[COMMON] Fix Kyverno Policies

common: - Add settings to common pod templates and fix Cassandra serviceMesh and MariaDB operator templates - Added template for mongodb - Empty lines to files added readinessCheck: - Add missing security settings mariadb-init: - add security settings in job cassandra: - Empty lines added to files mongodb: - make emptyDir volume size configurable others: - update chart dependency for mongodb in components - fix linter errors in all files Issue-ID: OOM-3295 Issue-ID: OOM-3296 Change-Id: Ieb64be337013e0477f7aaca9c75bb6a3f3264848 Signed-off-by: Andreas Geissler <andreas-geissler@telekom.de>
author: Andreas Geissler <andreas-geissler@telekom.de> 2024-05-08 15:18:55 +0200
committer: Andreas Geissler <andreas-geissler@telekom.de> 2024-07-05 09:25:23 +0200
commit: dc8c05476d316a16627d5b0934b69c3a9ecc38b7 (patch)

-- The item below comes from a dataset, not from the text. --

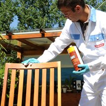 Naneste Pullex Teaköl tenko a rovnomerne handrou alebo rúnom bez chĺpkov. Pomocou prebrúsenia brúsnym rúnom dosiahnete obzvlášť hladké povrchy, čo je dôležité najmä pri stoličkách a lehátkach.

tree: 89c3b4a84a44c6e5db7086dfdc83630c17e6455b /kubernetes/common/mariadb-init
parent: 0f3311521a169a4774064f9c948460c955620f62 (diff)
9 files changed, 66 insertions, 55 deletions
diff --git a/kubernetes/common/mariadb-init/.helmignore b/kubernetes/common/mariadb-init/.helmignore
index dadf202953..f4d0b92f20 100644
--- a/kubernetes/common/mariadb-init/.helmignore
+++ b/kubernetes/common/mariadb-init/.helmignore
@@ -21,3 +21,14 @@
 *.tmproj
 
 tests
+# Project/CI/CD related items
+.gitlab
+.gitlab-ci.yml
+.dockerignore
+# Helm build files
+.helmignore
+.cache/
+.config/
+.local/
+# OOM specific dirs
+components/
diff --git a/kubernetes/common/mariadb-init/Chart.yaml b/kubernetes/common/mariadb-init/Chart.yaml
index fa89a669d2..6414785154 100644
--- a/kubernetes/common/mariadb-init/Chart.yaml
+++ b/kubernetes/common/mariadb-init/Chart.yaml
@@ -13,11 +13,11 @@
 # WITHOUT WARRANTIES OR CONDITIONS OF ANY KIND, either express or implied.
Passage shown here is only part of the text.